- **Action item**:
Below are records; transcribe only the line with "Tal y como entramos" and those after it, through the last line, without any change.

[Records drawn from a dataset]

- Opening Delimiter -

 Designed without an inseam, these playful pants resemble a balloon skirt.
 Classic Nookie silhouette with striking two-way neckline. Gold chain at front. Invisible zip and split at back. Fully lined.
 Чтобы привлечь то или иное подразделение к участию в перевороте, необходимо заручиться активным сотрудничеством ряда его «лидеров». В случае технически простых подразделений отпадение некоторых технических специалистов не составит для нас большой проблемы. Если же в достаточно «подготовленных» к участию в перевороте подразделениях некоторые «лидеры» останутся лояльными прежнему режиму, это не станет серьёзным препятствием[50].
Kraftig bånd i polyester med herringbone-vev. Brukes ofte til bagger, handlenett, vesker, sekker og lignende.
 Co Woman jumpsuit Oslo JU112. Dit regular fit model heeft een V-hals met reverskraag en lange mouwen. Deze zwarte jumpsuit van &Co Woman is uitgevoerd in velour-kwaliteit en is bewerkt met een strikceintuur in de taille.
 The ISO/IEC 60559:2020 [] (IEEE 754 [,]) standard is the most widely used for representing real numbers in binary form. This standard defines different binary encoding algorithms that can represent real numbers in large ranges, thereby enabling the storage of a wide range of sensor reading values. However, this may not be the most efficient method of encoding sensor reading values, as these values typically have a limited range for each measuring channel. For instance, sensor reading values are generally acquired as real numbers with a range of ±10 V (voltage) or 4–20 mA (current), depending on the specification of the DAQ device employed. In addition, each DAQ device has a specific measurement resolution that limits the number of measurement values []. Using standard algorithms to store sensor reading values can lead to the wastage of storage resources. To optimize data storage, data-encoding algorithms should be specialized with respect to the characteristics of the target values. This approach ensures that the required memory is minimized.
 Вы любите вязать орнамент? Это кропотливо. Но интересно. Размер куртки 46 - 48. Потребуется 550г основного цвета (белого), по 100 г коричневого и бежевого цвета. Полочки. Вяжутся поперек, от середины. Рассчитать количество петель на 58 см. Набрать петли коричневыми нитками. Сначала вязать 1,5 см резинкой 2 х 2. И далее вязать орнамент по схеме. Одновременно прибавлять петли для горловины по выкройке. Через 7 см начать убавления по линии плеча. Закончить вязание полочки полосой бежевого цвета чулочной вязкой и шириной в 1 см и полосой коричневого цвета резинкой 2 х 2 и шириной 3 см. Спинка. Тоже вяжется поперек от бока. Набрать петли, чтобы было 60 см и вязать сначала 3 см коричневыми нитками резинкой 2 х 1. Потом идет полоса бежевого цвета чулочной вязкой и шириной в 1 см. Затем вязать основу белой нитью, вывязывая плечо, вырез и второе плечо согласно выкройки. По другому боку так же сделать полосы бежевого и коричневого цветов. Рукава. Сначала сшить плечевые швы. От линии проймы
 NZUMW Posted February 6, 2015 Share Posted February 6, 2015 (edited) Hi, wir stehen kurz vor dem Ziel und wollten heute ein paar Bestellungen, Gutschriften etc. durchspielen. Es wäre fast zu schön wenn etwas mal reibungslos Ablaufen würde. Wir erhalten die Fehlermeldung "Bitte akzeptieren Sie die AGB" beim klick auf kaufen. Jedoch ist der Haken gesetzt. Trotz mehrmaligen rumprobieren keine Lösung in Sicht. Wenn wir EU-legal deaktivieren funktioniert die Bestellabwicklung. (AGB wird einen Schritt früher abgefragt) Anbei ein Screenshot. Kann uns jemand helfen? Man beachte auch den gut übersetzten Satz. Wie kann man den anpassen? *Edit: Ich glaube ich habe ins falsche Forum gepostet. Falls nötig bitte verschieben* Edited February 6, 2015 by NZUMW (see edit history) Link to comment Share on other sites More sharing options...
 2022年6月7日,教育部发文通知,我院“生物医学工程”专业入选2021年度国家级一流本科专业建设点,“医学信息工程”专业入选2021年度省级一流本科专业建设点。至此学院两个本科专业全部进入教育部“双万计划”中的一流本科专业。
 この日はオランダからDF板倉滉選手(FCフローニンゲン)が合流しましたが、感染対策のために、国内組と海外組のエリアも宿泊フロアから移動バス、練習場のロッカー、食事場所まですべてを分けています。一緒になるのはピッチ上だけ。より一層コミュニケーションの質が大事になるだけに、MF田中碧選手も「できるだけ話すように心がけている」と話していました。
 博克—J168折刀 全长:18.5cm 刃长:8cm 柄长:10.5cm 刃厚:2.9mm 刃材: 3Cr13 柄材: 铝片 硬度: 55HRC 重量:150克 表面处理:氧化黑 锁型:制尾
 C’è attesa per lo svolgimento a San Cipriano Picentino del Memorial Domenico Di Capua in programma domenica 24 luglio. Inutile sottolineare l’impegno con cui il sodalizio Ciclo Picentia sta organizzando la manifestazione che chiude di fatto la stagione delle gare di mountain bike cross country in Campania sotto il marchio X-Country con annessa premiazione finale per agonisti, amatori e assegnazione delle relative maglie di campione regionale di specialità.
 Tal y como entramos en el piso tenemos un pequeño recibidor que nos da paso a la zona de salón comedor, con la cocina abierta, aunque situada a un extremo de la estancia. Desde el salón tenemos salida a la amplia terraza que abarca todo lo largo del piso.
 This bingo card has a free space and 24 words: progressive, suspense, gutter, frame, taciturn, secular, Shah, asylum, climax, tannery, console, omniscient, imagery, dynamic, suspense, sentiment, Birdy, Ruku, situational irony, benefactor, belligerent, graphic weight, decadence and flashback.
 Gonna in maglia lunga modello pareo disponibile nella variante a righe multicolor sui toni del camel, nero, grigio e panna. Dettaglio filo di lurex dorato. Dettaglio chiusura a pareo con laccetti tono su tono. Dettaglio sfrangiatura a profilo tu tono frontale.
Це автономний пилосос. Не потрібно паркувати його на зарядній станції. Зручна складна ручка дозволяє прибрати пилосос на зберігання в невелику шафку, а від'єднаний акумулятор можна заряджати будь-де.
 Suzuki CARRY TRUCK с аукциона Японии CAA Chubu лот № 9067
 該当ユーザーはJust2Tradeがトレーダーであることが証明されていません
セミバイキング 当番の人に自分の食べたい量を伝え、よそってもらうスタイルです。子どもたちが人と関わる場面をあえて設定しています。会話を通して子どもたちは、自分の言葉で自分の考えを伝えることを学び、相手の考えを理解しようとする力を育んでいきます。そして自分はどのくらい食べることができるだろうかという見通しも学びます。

- Closing Delimiter -

- **Reply**:
 Tal y como entramos en el piso tenemos un pequeño recibidor que nos da paso a la zona de salón comedor, con la cocina abierta, aunque situada a un extremo de la estancia. Desde el salón tenemos salida a la amplia terraza que abarca todo lo largo del piso.
 This bingo card has a free space and 24 words: progressive, suspense, gutter, frame, taciturn, secular, Shah, asylum, climax, tannery, console, omniscient, imagery, dynamic, suspense, sentiment, Birdy, Ruku, situational irony, benefactor, belligerent, graphic weight, decadence and flashback.
 Gonna in maglia lunga modello pareo disponibile nella variante a righe multicolor sui toni del camel, nero, grigio e panna. Dettaglio filo di lurex dorato. Dettaglio chiusura a pareo con laccetti tono su tono. Dettaglio sfrangiatura a profilo tu tono frontale.
Це автономний пилосос. Не потрібно паркувати його на зарядній станції. Зручна складна ручка дозволяє прибрати пилосос на зберігання в невелику шафку, а від'єднаний акумулятор можна заряджати будь-де.
 Suzuki CARRY TRUCK с аукциона Японии CAA Chubu лот № 9067
 該当ユーザーはJust2Tradeがトレーダーであることが証明されていません
セミバイキング 当番の人に自分の食べたい量を伝え、よそってもらうスタイルです。子どもたちが人と関わる場面をあえて設定しています。会話を通して子どもたちは、自分の言葉で自分の考えを伝えることを学び、相手の考えを理解しようとする力を育んでいきます。そして自分はどのくらい食べることができるだろうかという見通しも学びます。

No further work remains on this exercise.